Records from a dataset
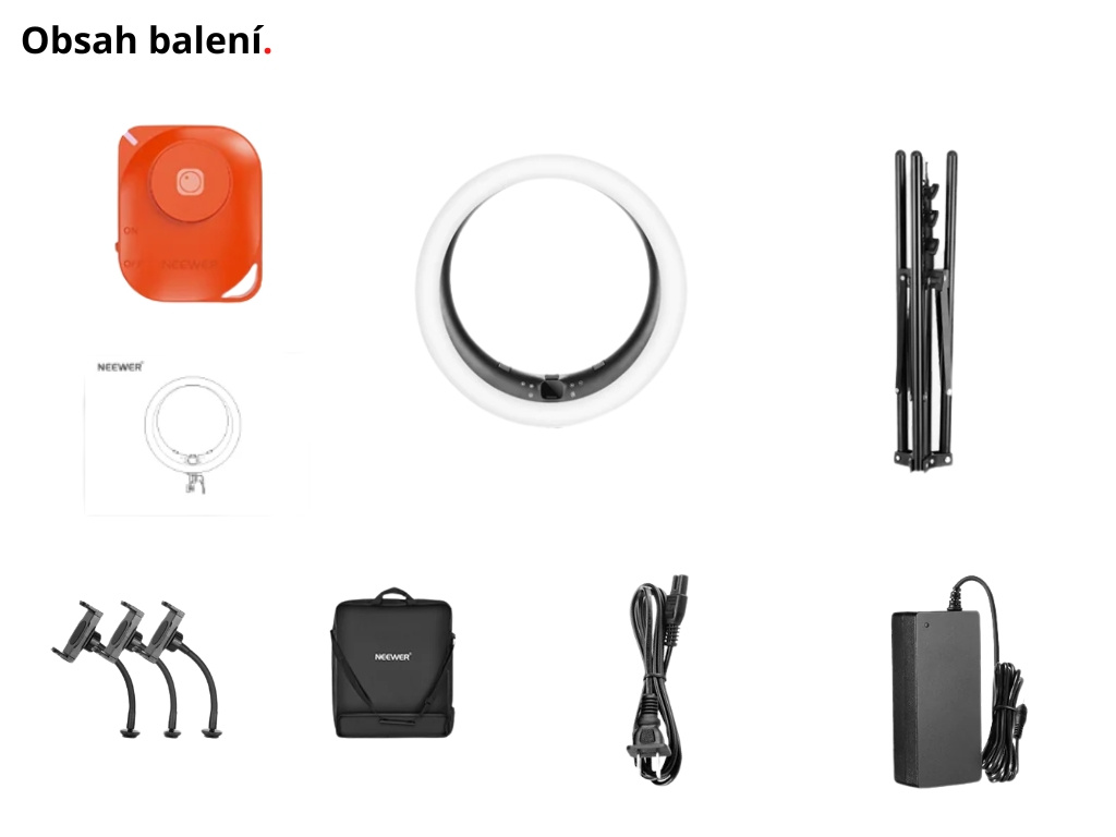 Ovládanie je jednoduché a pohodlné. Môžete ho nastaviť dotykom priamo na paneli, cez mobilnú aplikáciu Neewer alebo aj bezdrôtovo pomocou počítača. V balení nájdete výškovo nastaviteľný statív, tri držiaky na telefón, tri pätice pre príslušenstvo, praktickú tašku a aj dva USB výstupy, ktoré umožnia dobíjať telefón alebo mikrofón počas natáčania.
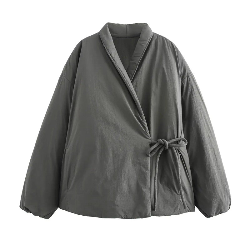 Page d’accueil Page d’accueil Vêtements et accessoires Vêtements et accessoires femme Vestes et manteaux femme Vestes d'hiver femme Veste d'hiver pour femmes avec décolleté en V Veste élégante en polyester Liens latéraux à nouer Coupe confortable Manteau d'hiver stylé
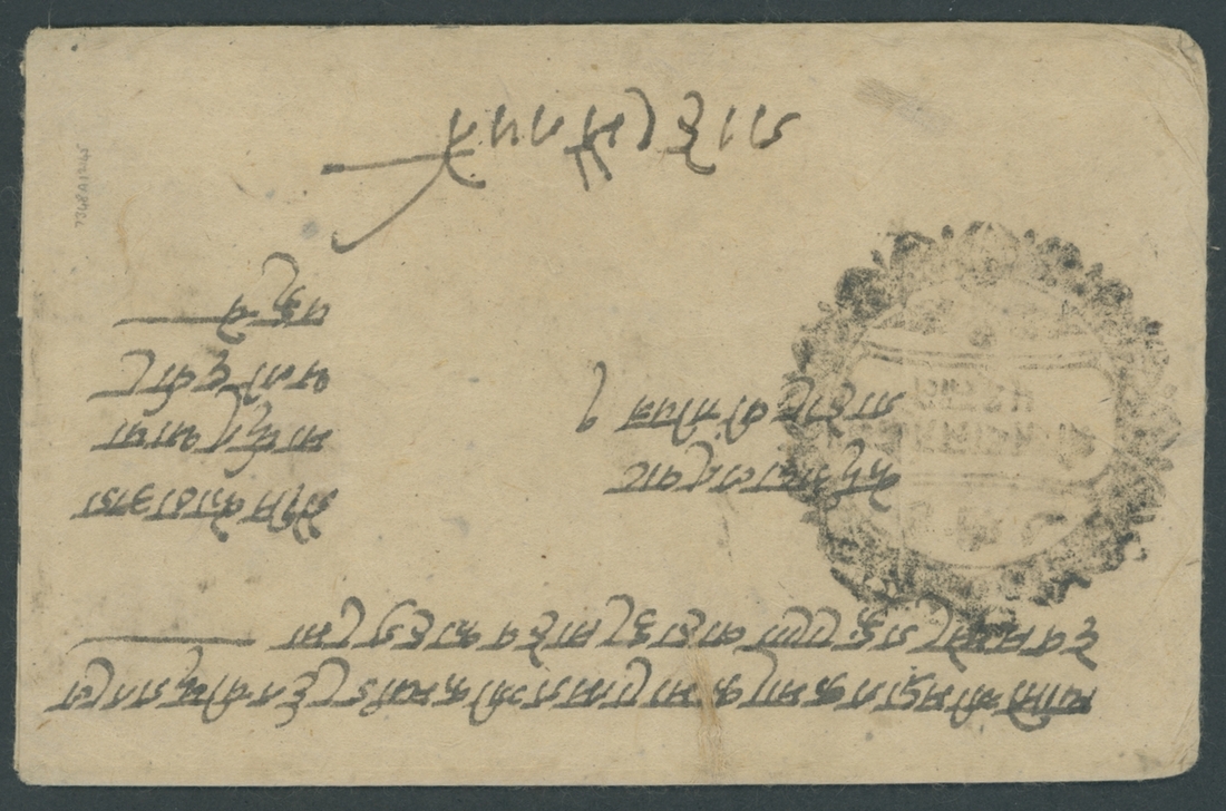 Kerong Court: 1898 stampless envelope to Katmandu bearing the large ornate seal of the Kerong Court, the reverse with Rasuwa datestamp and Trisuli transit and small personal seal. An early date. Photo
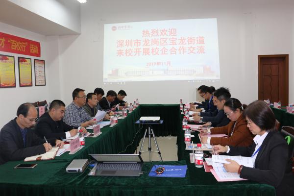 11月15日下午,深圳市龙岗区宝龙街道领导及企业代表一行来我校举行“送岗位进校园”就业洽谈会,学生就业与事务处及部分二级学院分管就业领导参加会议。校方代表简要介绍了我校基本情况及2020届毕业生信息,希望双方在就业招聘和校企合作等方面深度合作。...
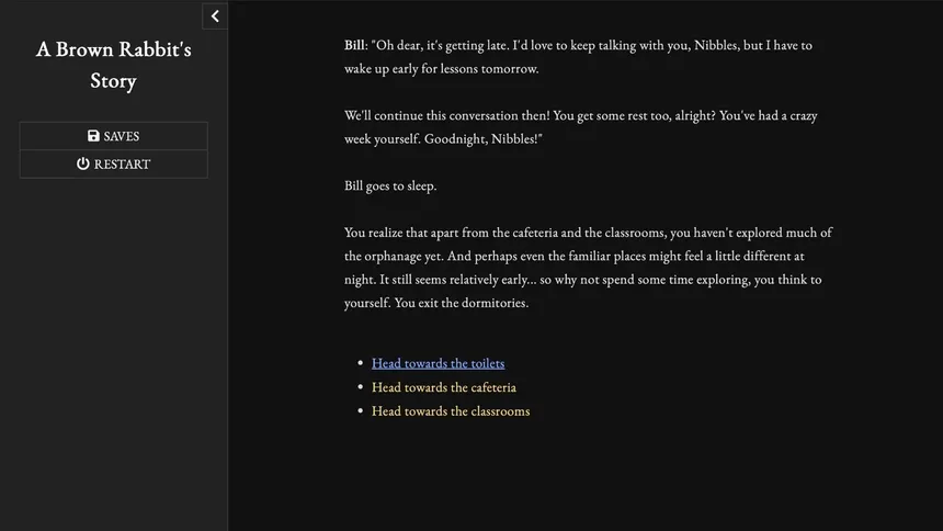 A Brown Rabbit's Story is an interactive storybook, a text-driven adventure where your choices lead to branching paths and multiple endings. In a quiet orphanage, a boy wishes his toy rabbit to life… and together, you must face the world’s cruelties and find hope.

■ **TRY IT**
The data is to be returned exactly as it stands, pictures aside.

■ **OUTPUT OF THE EXERCISE**
 Ovládanie je jednoduché a pohodlné. Môžete ho nastaviť dotykom priamo na paneli, cez mobilnú aplikáciu Neewer alebo aj bezdrôtovo pomocou počítača. V balení nájdete výškovo nastaviteľný statív, tri držiaky na telefón, tri pätice pre príslušenstvo, praktickú tašku a aj dva USB výstupy, ktoré umožnia dobíjať telefón alebo mikrofón počas natáčania.
 Page d’accueil Page d’accueil Vêtements et accessoires Vêtements et accessoires femme Vestes et manteaux femme Vestes d'hiver femme Veste d'hiver pour femmes avec décolleté en V Veste élégante en polyester Liens latéraux à nouer Coupe confortable Manteau d'hiver stylé
 Kerong Court: 1898 stampless envelope to Katmandu bearing the large ornate seal of the Kerong Court, the reverse with Rasuwa datestamp and Trisuli transit and small personal seal. An early date. Photo
 11月15日下午,深圳市龙岗区宝龙街道领导及企业代表一行来我校举行“送岗位进校园”就业洽谈会,学生就业与事务处及部分二级学院分管就业领导参加会议。校方代表简要介绍了我校基本情况及2020届毕业生信息,希望双方在就业招聘和校企合作等方面深度合作。...
 A Brown Rabbit's Story is an interactive storybook, a text-driven adventure where your choices lead to branching paths and multiple endings. In a quiet orphanage, a boy wishes his toy rabbit to life… and together, you must face the world’s cruelties and find hope.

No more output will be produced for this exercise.